PP - Prepositional Phrase.

PRN - Parenthetical.

PRT - Particle. Category for words that should be tagged RP.

QP - Quantifier Phrase (i.e. complex measure/amount phrase); used within NP.

RRC - Reduced Relative Clause.

UCP - Unlike Coordinated Phrase.

VP - Vereb Phrase.

WHADJP - Wh-adjective Phrase. Adjectival phrase containing a wh-adverb, as in how hot.

WHAVP - Wh-adverb Phrase. Introduces a clause with an NP gap. May be null (containing the 0 complementizer) or lexical, containing a wh-adverb such as how or why.

WHNP - Wh-noun Phrase. Introduces a clause with an NP gap. May be null (containing the 0 complementizer) or lexical, containing some wh-word, e.g. who, which book, whose daughter, none of which, or how many leopards.

WHPP - Wh-prepositional Phrase. Prepositional phrase containing a wh-noun phrase (such as of which or by whose authority) that either introduces a PP gap or is contained by a WHNP.

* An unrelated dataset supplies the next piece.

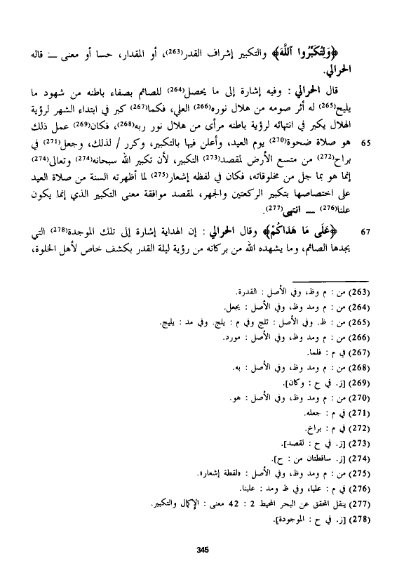 قال الْحَرَالِّي: وفيه إشارة إلى ما يحصل للصائم بصفاء باطنه من شهود ما يليح له أثر صومه من هلال نوره العلي، فكما كبر في ابتداء الشهر لرؤية الهلال يكبر في انتهائه لرؤية باطنه مرأى من هلال نور ربه، فكان عمل ذلك هو صلاة ضحوة يوم العيد، وأعلن فيها بالتكبير، وكرر لذلك، وجعل في براح من متسع الأرض لمقصد التكبير، لأن تكبير الله سبحانه وتعالى إنما هو بما جل من مخلوقاته، فكان في لفظه إشعار لما أظهرته السنة من صلاة العيد على اختصاصها بتكبير الركعتين والجهر، لمقصد موافقة معنى التكبير الذي إنما يكون علنا - انتهى.

X - Unknown, uncertain, or unbracketable. X is often used for bracketing typos and in bracketing the...the-constructions.

Word level

CC - Coordinating conjunction

CD - Cardinal number

DT - Determiner

EX - Existential there

FW - Foreign word

IN - Preposition or subordinating conjunction

JJ - Adjective

JJR - Adjective, comparative

JJS - Adjective, superlative

LS - List item marker

MD - Modal

NN - Noun, singular or mass

NNS - Noun, plural

NNP - Proper noun, singular

NNPS - Proper noun, plural

PDT - Predeterminer

POS - Possessive ending

PRP - Personal pronoun

PRP$ - Possessive pronoun (prolog version PRP-S)

RB - Adverb

RBR - Adverb, comparative

RBS - Adverb, superlative

RP - Particle

SYM - Symbol

TO - to

UH - Interjection

VB - Verb, base form

VBD - Verb, past tense

VBG - Verb, gerund or present participle

VBN - Verb, past participle

VBP - Verb, non-3rd person singular present

VBZ - Verb, 3rd person singular present

WDT - Wh-determiner

WP - Wh-pronoun

WP$ - Possessive wh-pronoun (prolog version WP-S)

WRB - Wh-adverb

Function tags

Form/function discrepancies

-ADV (adverbial) - marks a constituent other than ADVP or PP when it is used adverbially (e.g. NPs or free ("headless" relatives). However, constituents that themselves are modifying an ADVP generally do not get -ADV. If a more specific tag is available (for example, -TMP) then it is used alone and -ADV is implied. See the Adverbials section.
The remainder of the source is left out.